Nevermore | страница 60
Мы продолжали путь к северу, лошади скакали ноздря в ноздрю, а Крокетт продолжал развлекать меня своим колоритным повествованием, детали которого, однако, ускользнули от меня, поскольку мое внимание было полностью поглощено не этой до бессовестности раздутой фантазией, а суровым пейзажем, чьи с виду невинные черты — горы и долы, то густая, то редкая растительность — внезапно окрасились мрачной — страшащей — преследующей меня мыслью о скрытой, подстерегающей погибели!
ГЛАВА 10
Остаток путешествия я провел в состоянии крайнего беспокойства, а многоречивый покоритель границы рысил бок о бок со мной, погрузившись в неистощимый поток своей экстравагантной болтовни. Хотя дивертисменты о яростных схватках с индейцами, пантерами, аллигаторами, волками и гигантскими представителями племени ursa предназначались для увеселения и ободрения слушателя, на меня они оказали противоположное действие, не смягчив, а еще более обострив и без того напряженное состояние сильного нервного возбуждения.
Поэтому, казалось бы, я должен был почувствовать радость и облегчение, когда, вынырнув из густого соснового бора, мы завидели впереди цель нашей экспедиции. Но нет: не знаю почему, но один вид обиталища достопочтенного семейства Ашеров наполнил мое сердце глубочайшей, невыносимой мукой!

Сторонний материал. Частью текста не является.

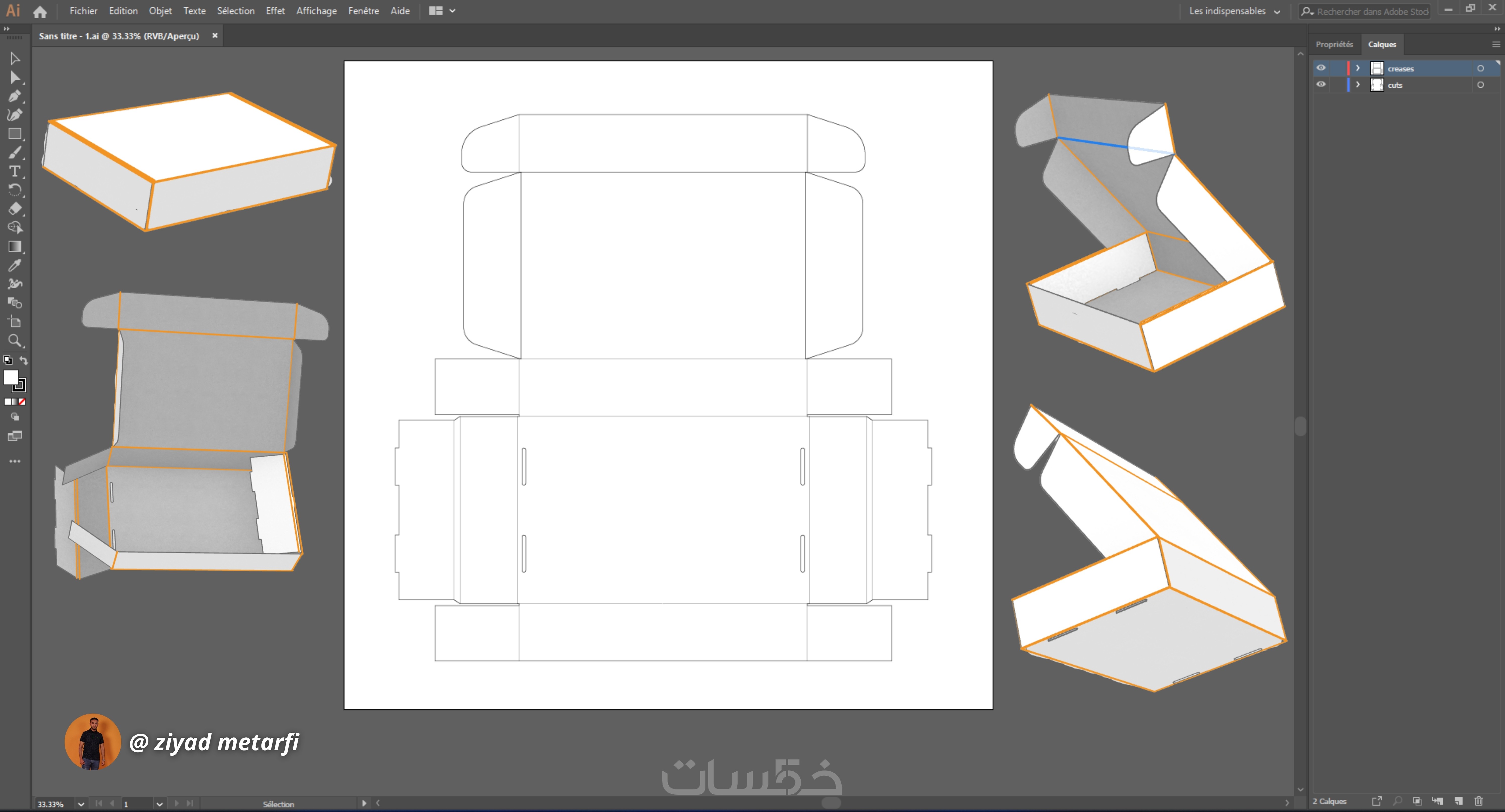 حيث نقوم بالتعديل على المشروع بنأء على ملاحضاتكم وحسب رغبتكم كلمقسات و التصميم الخراجي للعلبة

Что же это, гадал я, пока лошади влекли нас к темному, грозно нависающему зданию, — почему один вид дома Ашеров внушил мне такой страх? Ведь помимо общего впечатления небрежения и распада, ничто в этом доме не могло оказать столь безотрадное — столь скорбное — столь глубоко мрачное воздействие на мою душу.
То беспросветное уныние, которое придавило мой дух, когда мы с полковником натянули поводья, остановившись перед грандиозным парадным крыльцом, и смогли внимательнее разглядеть внешние приметы этого здания, его блеклые, лишившиеся краски стены, пустые глазницы окон, плесень, спутанной паутиной свисавшую с застрех, я могу сравнить, из всех известных мне ощущений, лишь с пробуждением курильщика опия. Самый вид этого дома наполнил мою душу неописуемым беспокойством, тем возбуждением и напряжением всех нервов, которое сродни ужасу!

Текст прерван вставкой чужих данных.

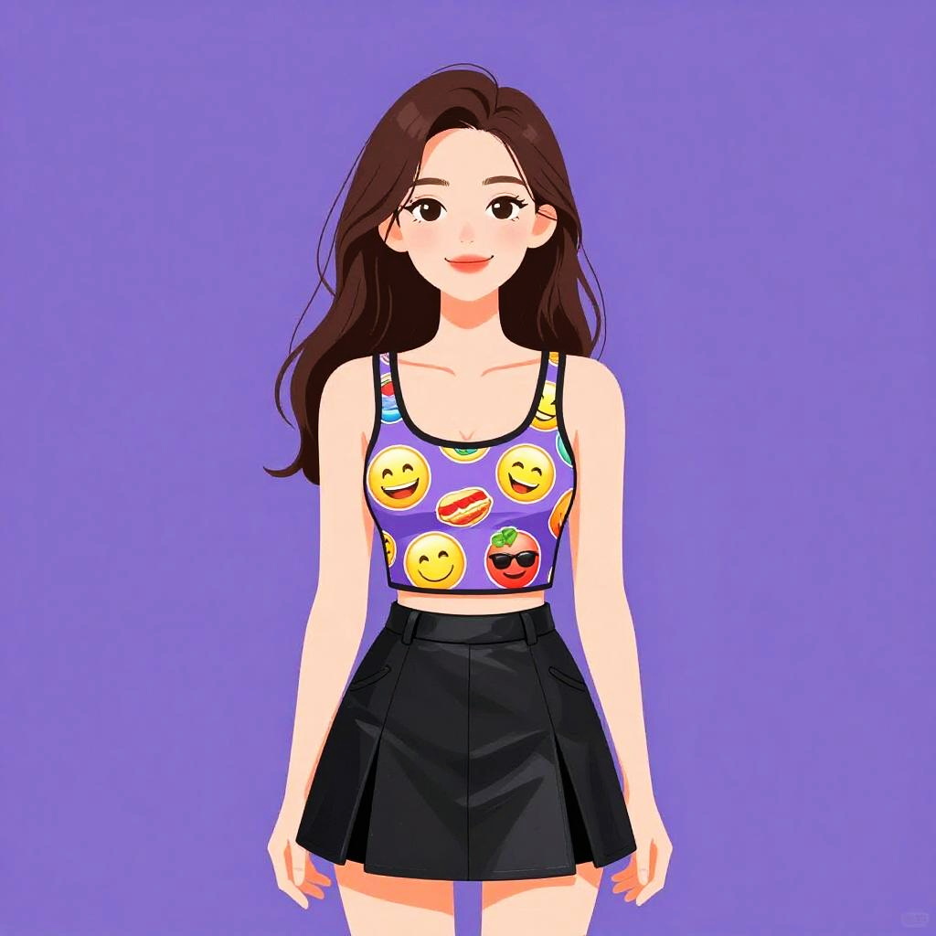 Digital anime-style drawing of a smiling young woman with long brown hair, wearing a colorful emoji-patterned tank top and black skirt, against a solid purple

— Домишко-то мхом оброс, — заметил Крокетт, слезая с седла и привязывая поводья к некогда изысканно украшенной, а ныне проржавевшей коновязи. Подняв глаза и пристально оглядев особняк, он неодобрительно покачал головой и пробормотал: — Кабы я жил в такой роскоши, я бы уж постарался получше смотреть за своей норой, чем эти Ашеры!